Segment Start: SOURCE DATA

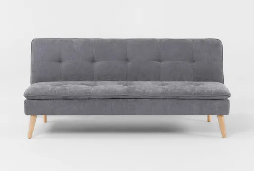 The Bailey Grey 66" Convertible Futon / Sofa Bed is the perfect addition to your living room with its modern design and versatile functionality. Upholstered in a soft grey fabric, this futon features tufted embellishments that add a touch of sophistication. The sturdy rubberwood legs provide stability and durability, making it ideal for everyday use. Modern design with tufted embellishments. Convertible functionality for use as a sofa or twin bed. Sturdy rubberwood legs for added stability.
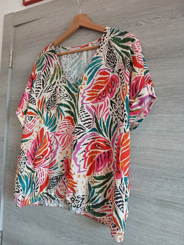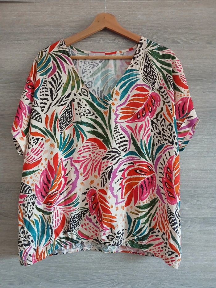 Blouse imprimé multicolore Taille XXL 100% viscose Made in France
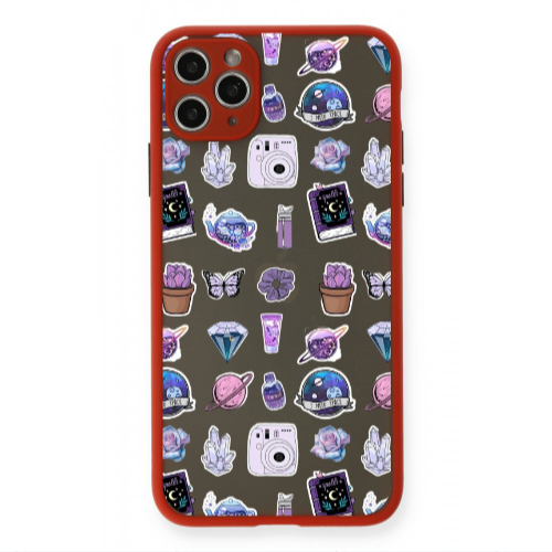 Apple iPhone 11 Pro Max Mor Nesneler Kırmızı Hux Telefon Kılıfı
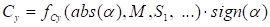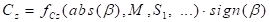 Функция коэффициента поперечной аэродинамической силы, направленной вдоль вектора Z узла Node*. Функция зависит от угла скольжения
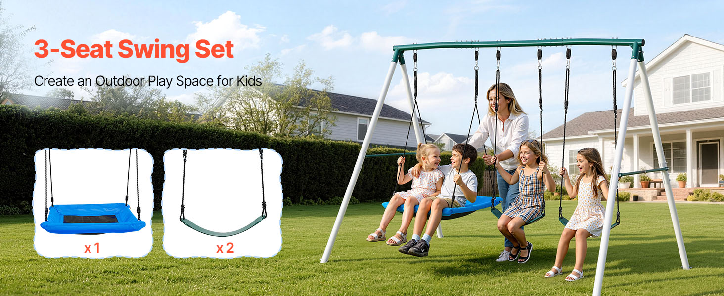 Táto hojdačka s podstavcom má tri sedadlá – veľkú štvorcovú hojdačku a dve hojdačky s pásom – čím vytvára flexibilné možnosti hry pre viac detí, ktoré si môžu spolu užívať hojdačku.
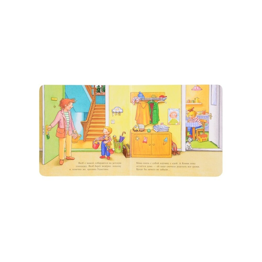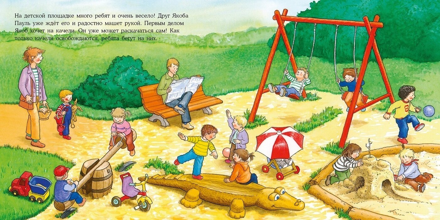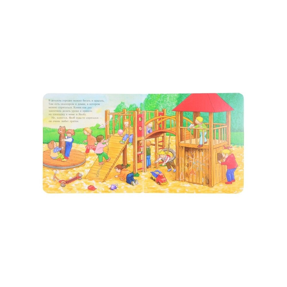 Якоб идёт на детскую площадку. Там его уже ждет друг Пауль и другие ребята. На площадке столько всего интересного: можно качаться на качелях, лепить куличики и играть в прятки! Главное, быть внимательным и не уходить далеко от мамы. Вместе с Якобом ваш малыш точно запомнит, что нельзя гулять без присмотра взрослых, узнает, как вести себя на детской площадке, будет смелее чувствовать себя на прогулках.
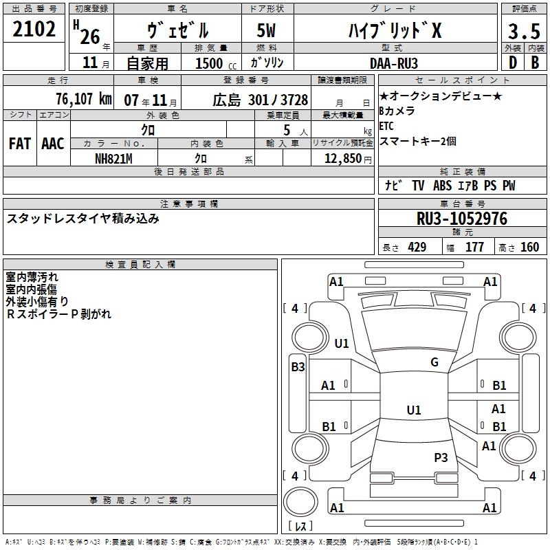 HONDA VEZEL - лот 2102
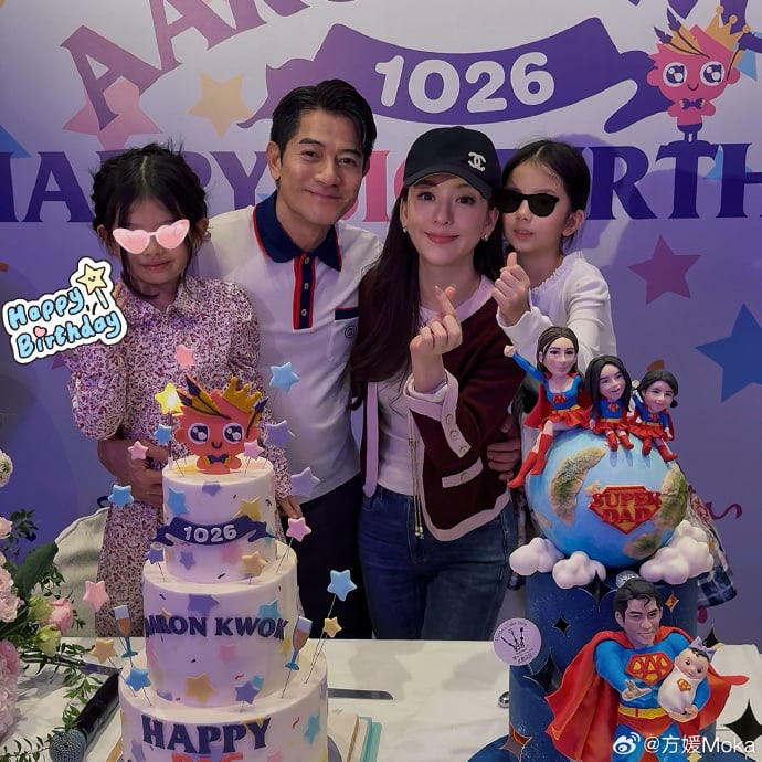郭富城的生日蛋糕以“超人一家”为主题,造型创意十足。方媛和两位女儿坐在地球上,郭富城屹立不倒站在前方,怀中抱着头戴蝴蝶结的“超人宝宝”,萌度爆表。
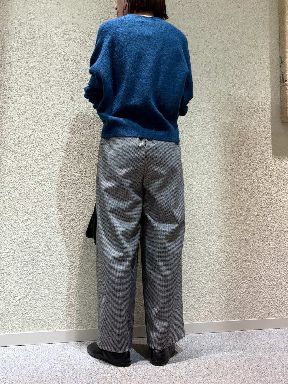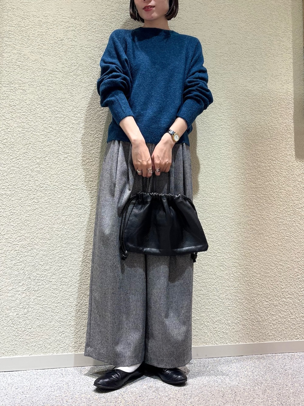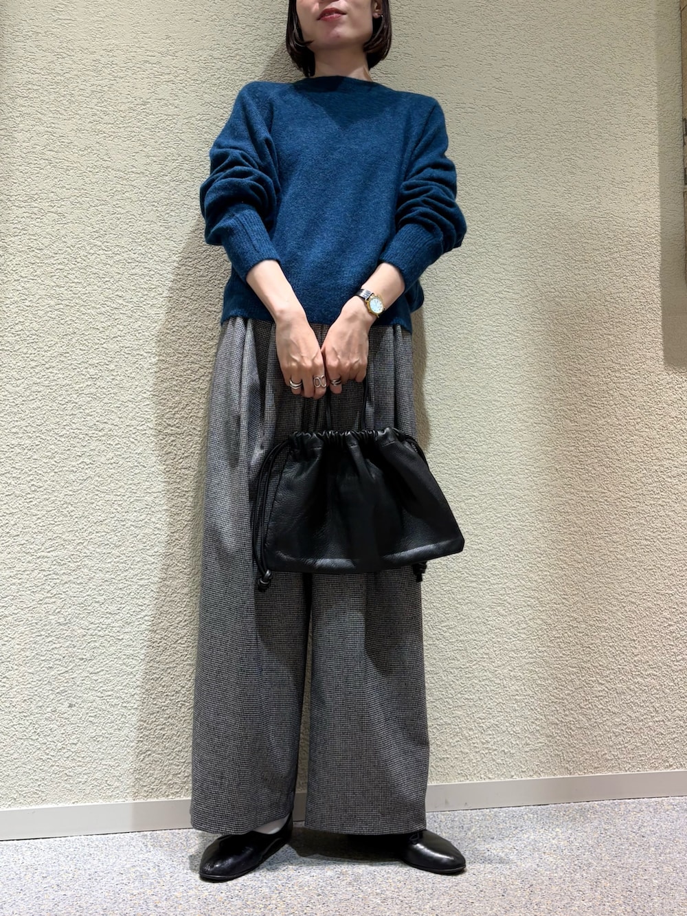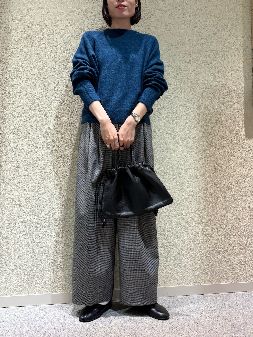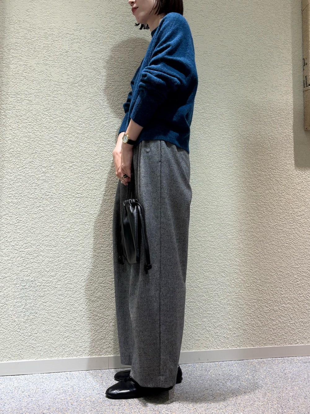 着丈はスッキリめなのでワイドパンツやスカートなど幅広いシルエットのボトムスと相性バッチリです。
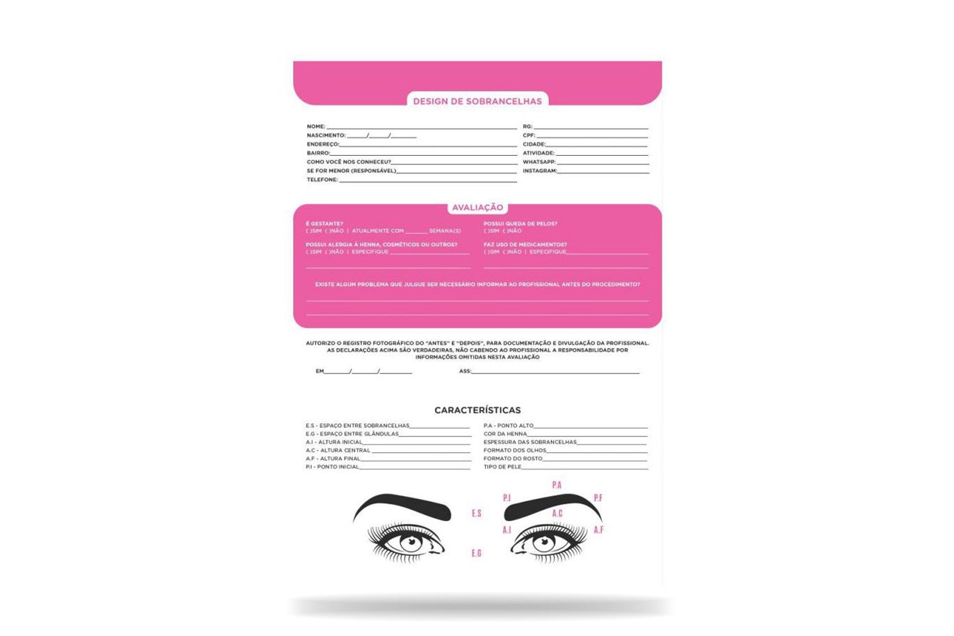 Ficha de Anamnese Design de Sobrancelhas 100 Folhas
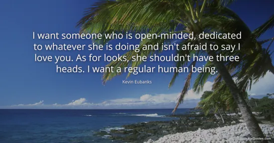 Eubanks, Kevin. (2026, January 15). I want someone who is open-minded, dedicated to whatever she is doing and isn't afraid to say I love you. As for looks, she shouldn't have three heads. I want a regular human being. FixQuotes. https://fixquotes.com/quotes/i-want-someone-who-is-open-minded-dedicated-to-156504/
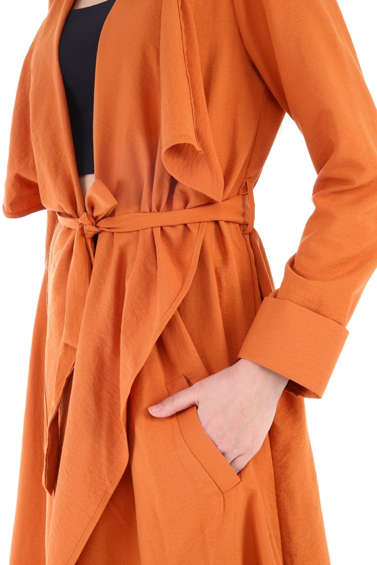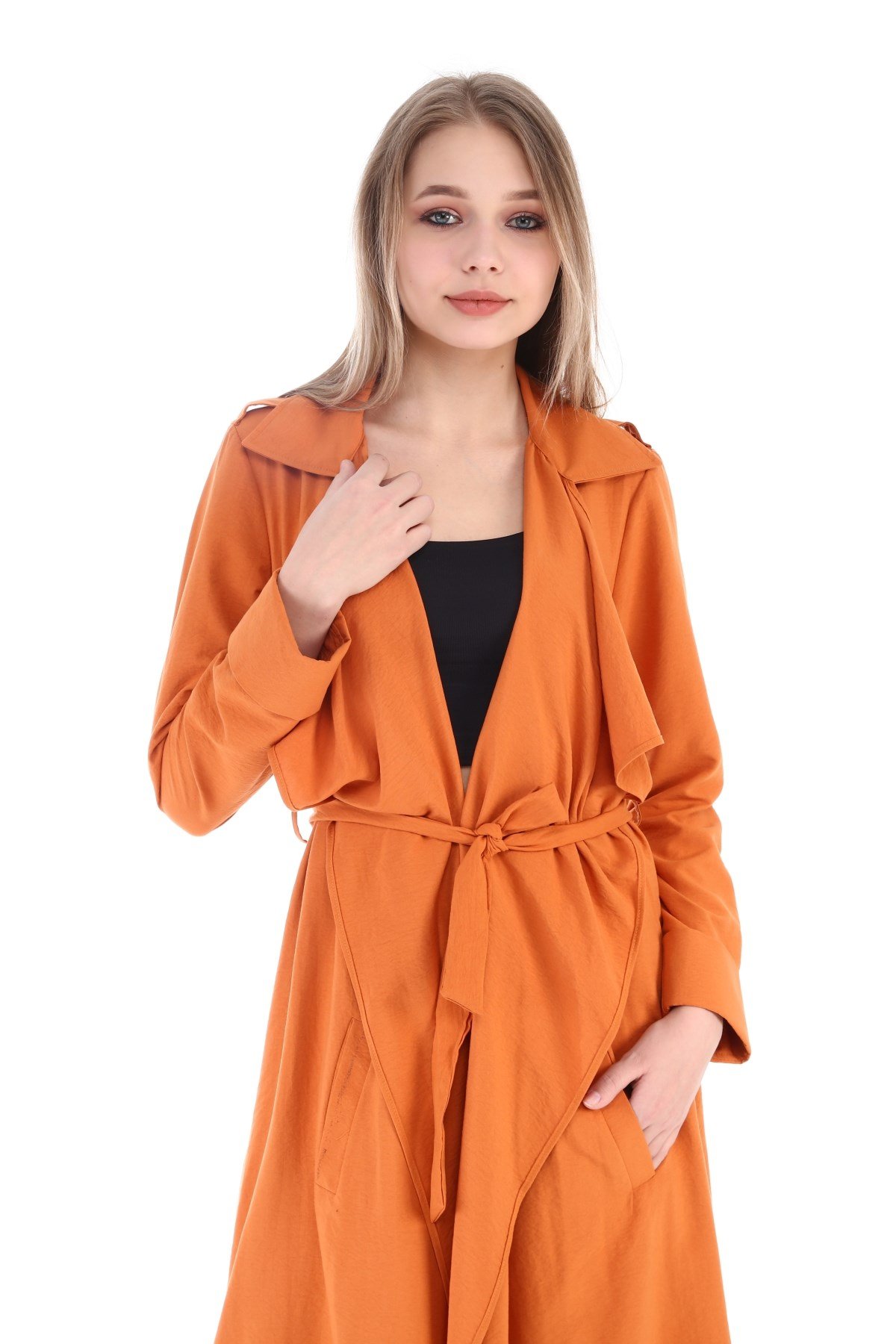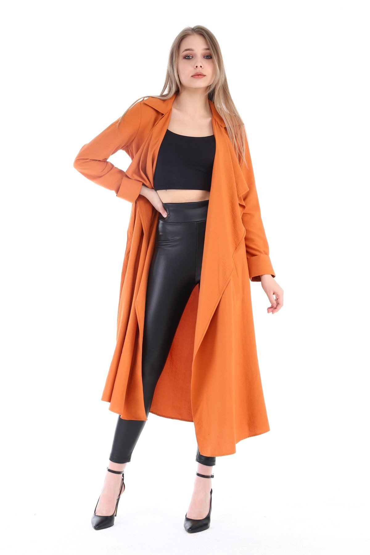 Long Claret Brick Women's Jacket with Epaulettes, Slits on the Sides and a Belt
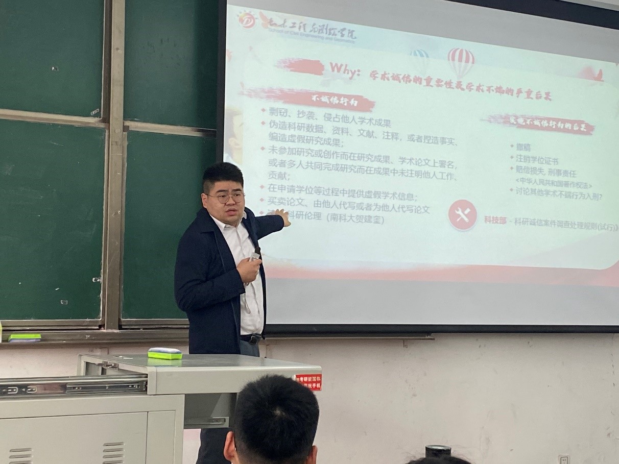 系列活動之新生入學學術誠信教育會特邀請土木工程與測繪學院副院長梁琦老師擔任主講,梁琦老師引用大量學術不端案例,從多個角度幫助學生理解“學術不端”概念,杜絕“學術不當”行為。在活動的最后,梁琦老師寫下了“質量是永恒”和“憑良心做科研”兩句話,告誡同學們在今后的工作和學習中要腳踏實地,不忘初心。
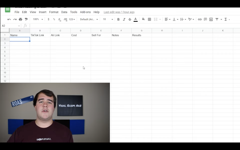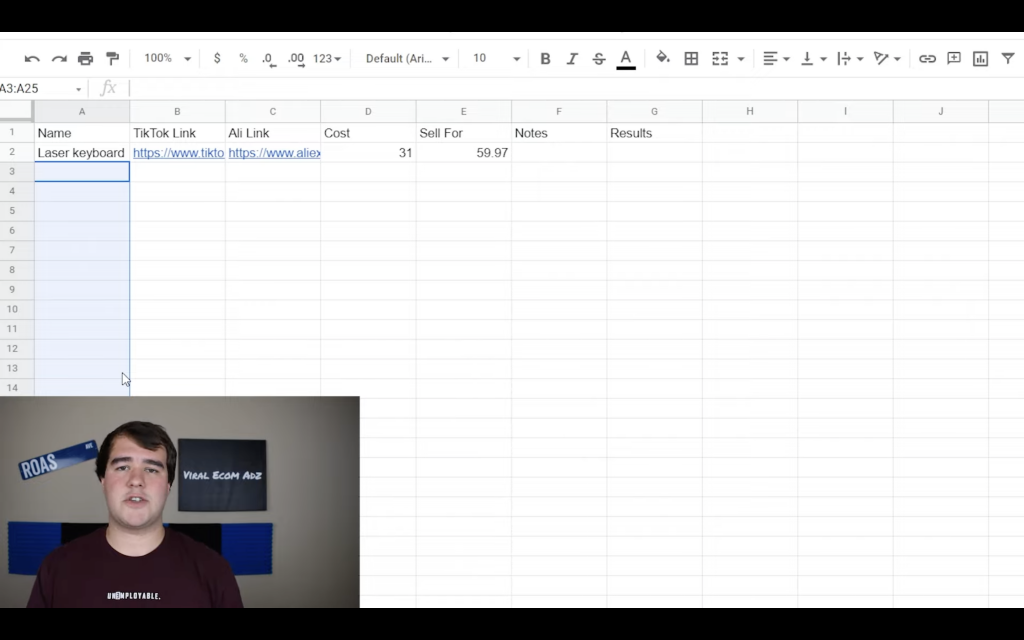 So, name, TikTok link, AliExpress link, how much it costs, what you’re going to sell it for.

Segment End: SOURCE DATA

(WORK TO BE COMPLETED): Begin at the first line of the entries and end at the line containing "Ficha de Anamnese": write out each line exactly, skipping pictures.

(RESULT):
 The Bailey Grey 66" Convertible Futon / Sofa Bed is the perfect addition to your living room with its modern design and versatile functionality. Upholstered in a soft grey fabric, this futon features tufted embellishments that add a touch of sophistication. The sturdy rubberwood legs provide stability and durability, making it ideal for everyday use. Modern design with tufted embellishments. Convertible functionality for use as a sofa or twin bed. Sturdy rubberwood legs for added stability.
 Blouse imprimé multicolore Taille XXL 100% viscose Made in France
 Apple iPhone 11 Pro Max Mor Nesneler Kırmızı Hux Telefon Kılıfı
 Функция коэффициента поперечной аэродинамической силы, направленной вдоль вектора Z узла Node*. Функция зависит от угла скольжения
 Táto hojdačka s podstavcom má tri sedadlá – veľkú štvorcovú hojdačku a dve hojdačky s pásom – čím vytvára flexibilné možnosti hry pre viac detí, ktoré si môžu spolu užívať hojdačku.
 Якоб идёт на детскую площадку. Там его уже ждет друг Пауль и другие ребята. На площадке столько всего интересного: можно качаться на качелях, лепить куличики и играть в прятки! Главное, быть внимательным и не уходить далеко от мамы. Вместе с Якобом ваш малыш точно запомнит, что нельзя гулять без присмотра взрослых, узнает, как вести себя на детской площадке, будет смелее чувствовать себя на прогулках.
 HONDA VEZEL - лот 2102
郭富城的生日蛋糕以“超人一家”为主题,造型创意十足。方媛和两位女儿坐在地球上,郭富城屹立不倒站在前方,怀中抱着头戴蝴蝶结的“超人宝宝”,萌度爆表。
 着丈はスッキリめなのでワイドパンツやスカートなど幅広いシルエットのボトムスと相性バッチリです。
 Ficha de Anamnese Design de Sobrancelhas 100 Folhas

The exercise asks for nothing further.